An argument against JanYourStory?
This all might sound like I’m making an argument against Memoir Nation’s JanYourStory—a challenge to write 500 words per day in January—because it is in part an exercise in productivity.
Au contraire. I want the 500 words to be an exercise in creativity. And I want you to nourish your creativity by showing up to write, by reaching for 500 words a day—because, yes, productivity matters. But a better way to think of productivity is to think of it as momentum.
In fact, momentum matters most of all in writing. So I define writing as an act that includes daydreaming, wondering, wandering, noodling, and doodling.
My message: optimize your writing time for joy and meaning and the blessedness of your imagination—and find joy and meaning and the blessedness of your imagination by writing 500 words per day in January.
Time management challenge
What is one thing that you could decide not to do in order to make time for your writing—true time for your writing?
Please help me publish this newsletter?
Because a quote
“The real measure of any time management technique is whether or not it helps you neglect the right things.”

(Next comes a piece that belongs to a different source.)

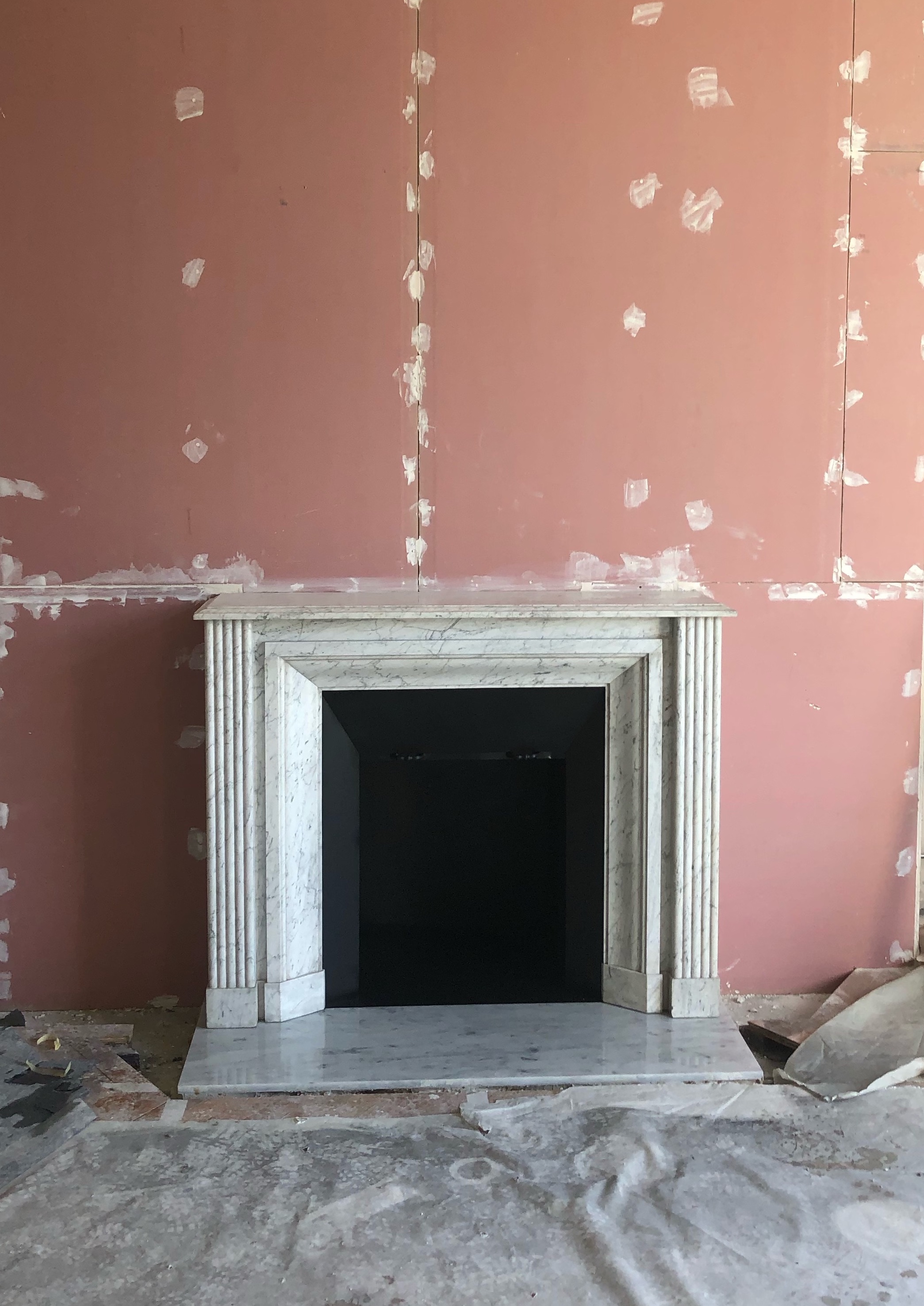La cheminée que je vous présente est de type « Art Déco » en marbre blanc carrare. J’ai réalisé un rétrécit ainsi qu’un foyer en acier noir sur mesure, muni d’un rideau. Le sol est également protégé par une dalle de marbre blanc carrare comme celui de la cheminée.

—Oliver Burkeman, author of Four Thousand Weeks: Time Management for Mortals
Making time for writing
As part Memoir Nation’s “JanYourStory Prep” series, we interviewed time management guru Laura Vanderkam. Laura advises to think in weekly increments, which looks something like this.
You have 168 hours each week.
You have 112 hours after sleeping 8 hours a night.
You have 72 hours after working 40 hours.
How do you fill those 72 hours? Time management is about choices.
Join me in JanYourStory!
What is JanYourStory?
In short, the challenge is to write 500 words each day in January. We at Memoir Nation want you to use the power of the new year to start your memoir or give your current memoir a serious new liftoff!
Because a photo
The above photo is from my new book, something out there in the distance, which is my favorite book I’ve published so far.
It consists of a series of linked “short-shorts” written in conversation with my friend Gail Butensky’s wonderful photos. I hope you’ll buy my book.







Thanks for this. I spent the last 15 years of my working life micro-managing every moment and since leaving that world, I’ve done everything in my power not to time manage my moments. I’m going to give further thought to how I can apply this to my writing - I only know that when the story is heartfelt, moments writing are never about time or word count - they are indeed depth and flow and absolute enjoyment. Thanks again.